第7話 夏休みの推しも可愛い!!

 夏の風物詩、オアシス、1学期を乗り越えたご褒美。世の中は、夏休みで浮かれていた。

 テレビの特集は、海、プール、レジャー施設! 

 そして、高校3年生は、勉強、勉強、勉強!

 とは言ったものの、私は学校に行くがあまり勉強はしなかった。

 勉強よりも、いつ推しに会えて、偶然を装い情報収集ができるかばかり考えていた。

 この世界は、私の推し事のためにある世界なのだ!

 用が無いのに、体育教官室の前をウロウロするのはどうかと思ったから、まずは1週間使って調査をしてみることにした。

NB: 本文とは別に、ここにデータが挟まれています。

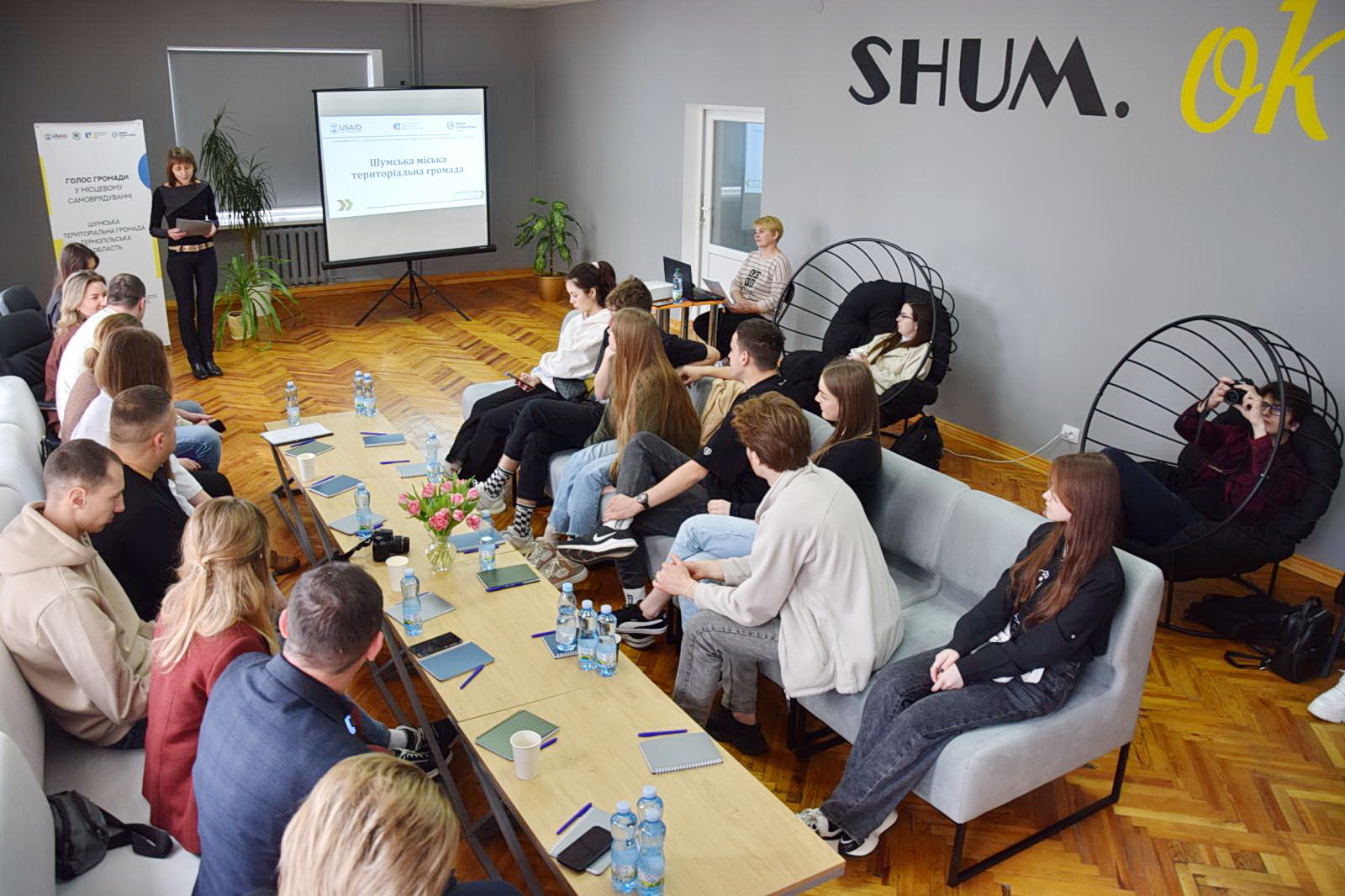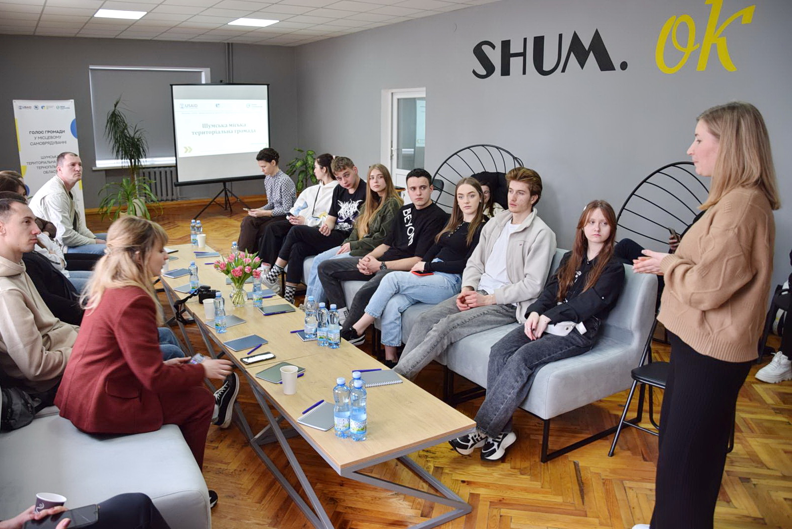 У Молодіжному просторі «Шум. Ок» (проєкт реалізовано завдяки Програмі «DOBRE»), відбулася зустріч з головою Шумської громади Вадимом Боярським та начальником управління освіти, культури, молоді, спорту та туризму Аллою Ніколаєвою. Поспілкувалися про те, як молодь залучена до активного життя громади, про співпрацю з Молодіжною радою.

 職員室の近くにある机で、1日丸々張り込みをする事だった。

 1週間で1番会った時間が多い時間を中心に学校に来ることにしたのだ。

 昼休みのチャイムが鳴って、私のお腹の虫も鳴き始めた時のこと。

 お腹を抑えながら、推しノートと化した手帳をパラパラとめくっていた。

 誰かが階段を登ってくる音が聞こえてくる。

 丸一日居るとなると、すれ違う生徒や先生を沢山見てきた。タヌキも見た。

 勉強偽装の為に参考書の適当なページを開いた。

「お、式地さんや」

「ヘァッ」

 声で分かる、推しだ。

 心に棲んでいたモンスターが飛び出した。

 意図して育てていたわけでは無いのだが。

「ど、どうして、先生……?」

 会う回数を増やして先生と距離を縮めるための戦略だったはずなのに、逆に声をかけられてしどろもどろになってしまう。

「そりゃここが職場やからな」

 吹谷先生は当たり前のことを答える。

(聞きたいこととちょっとズレてるけどそういうところも可愛くてギャップで満点すぎる……)

 答えに満足しかけたが、頑張って踏みとどまる。

「体育教官室に居たんですか? てっきり暑いから職員室にいるものかと……」

 質問したかったことを理解したらしい先生は、ああ! と声を出した。

 それが可愛らしくて顔を歪めかけたが、歯を食いしばって耐えた。

「お腹減ったから、職員室に戻ってきてん。ご飯は職員室で食べるから」

 先生は「式地さんもご飯食べや。あ、あと、熱中症気をつけんとあかんで、倒れるで」と言って、職員室に入って行った。

(あかん、可愛いが止まらん)

 布でできているリュックを殴って気持ちを落ち着かせる。

 最後に深呼吸して、落ち着いた。そして、手帳を開いた。

『昼休み 会える』

 赤ペンで文字を書いて、縁取った。

『ちょっと天然っぽい』、『お腹が減ったから   ご飯食べにきた』『心配!!! してくれた!!!』と走り書きした。

 書いている途中も可愛い所を思い出して、荒ぶりかけたが何度も机に突っ伏して抑え込んだ。

 1週間の統計は、やはり昼休みに会えることを指していた。私はこの日から、昼休みを中心に学校に来ようと決めた。


 家に帰っていつもの掲示板を開いた。

『今日は先生の可愛い言動を聞いてしまって嬉しすぎて涙出た』

 1番に反応してくれたのはいつもの友達だった。

『夏休みなのに学校行ってるんだね、えらいね』

『ありがとう。今日天然っぽいところを見つけてしまった、お腹減ったとかいってて可愛くて悶えた』

『めっちゃ好きじゃん。まあよかったね』

 私は他にもあるんだよと続けて、満足するまで書き込んだ。